Rationale and Objectives
To improve intra- and interobserver variability and enable the use of functional magnetic resonance imaging (MRI) for multicenter, multiobserver studies, we generated a semiautomated segmentation method for hyperpolarized helium-3 ( 3 He) MRI. Therefore the objective of this study was to compare the reproducibility and spatial agreement of manual and semiautomated segmentation of 3 He MRI ventilation defect volume (VDV) and ventilation volume (VV) in subjects with asthma, chronic obstructive pulmonary disease (COPD), and cystic fibrosis (CF).
Materials and Methods
The multistep semiautomated segmentation method we developed employed hierarchical K-means clustering to classify 3 He MRI pixel intensity values into five user-determined clusters ranging from signal void to hyperintense. A seeded region-growing algorithm was also used to segment the 1 H MRI thoracic cavity for coregistration to the 3 He cluster-map, generating VDV and VV.
Results
We compared manual segmentation performed by an expert observer and semiautomated measurements of 3 He MRI VDV and observed strong significant correlations between the volumes generated using each method (asthma, n = 5, r = 0.89, P < .0001; COPD, n = 5, r = 0.84, P < .0001; CF, n = 5, r = 0.89, P < .0001). Semiautomated VDV had high interobserver reproducibility (coefficient of variation [CV] = 7%, intraclass correlation coefficient [ICC] = 0.96); intraobserver reproducibility was significantly higher for semiautomated (CV = 5%, ICC = 1.00) compared to manual VDV (CV = 12%, ICC = 0.98). Spatial agreement for VV determined using the Dice coefficient (D) was also high for all disease states (asthma, D = 0.95; COPD, D = 0.88; CF, D = 0.90).
Conclusions
Semiautomated segmentation 3 He MRI provides excellent inter- and intraobserver precision with high spatial and quantitative agreement with manual measurements enabling its use in longitudinal studies.

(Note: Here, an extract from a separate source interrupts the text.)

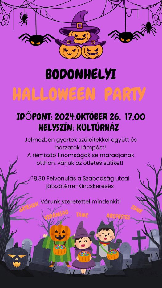 Bodonhely izgalmas Halloween Partyra invitálja a gyerekeket és szüleiket október 26-án, szombaton 17:00-kor a Kultúrházba.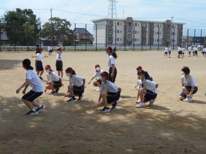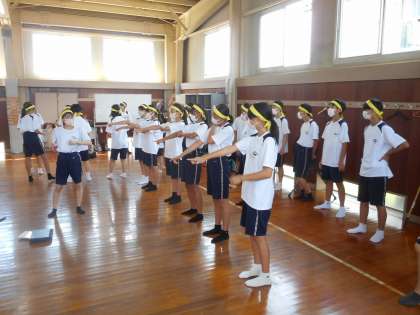 はじめて見る振り付けでしたが、1、2年生は早く覚えようとがんばって体を動かしていました。どの団も真剣な表情と楽しそうな表情が見られました。明日以降もがんばりましょう!

Pulmonary hyperpolarized helium-3 ( 3 He) magnetic resonance imaging (MRI) is a functional imaging method that detects ventilation abnormalities in elderly never smokers and patients with chronic obstructive pulmonary disease (COPD) , asthma , cystic fibrosis (CF) , radiation-induced lung injury , and lung transplant recipients . Over the past few years, this approach has been enhanced by improvements in laser optical pumping techniques , parallel imaging , single-scan acquisition of ventilation and diffusion-weighted images , single-scan acquisition of ventilation and 1 H MRI anatomical images , and dynamic imaging . Although this large body of work has advanced the scope and type of functional images that can be acquired, there have been fewer improvements related to image analysis methods . As we move forward with functional noble gas imaging and transition to hyperpolarized xenon-129 ( 129 Xe) MRI, a less expensive and more readily available approach, image analysis methods are urgently required for quantitative evaluation across a wide variety of respiratory diseases.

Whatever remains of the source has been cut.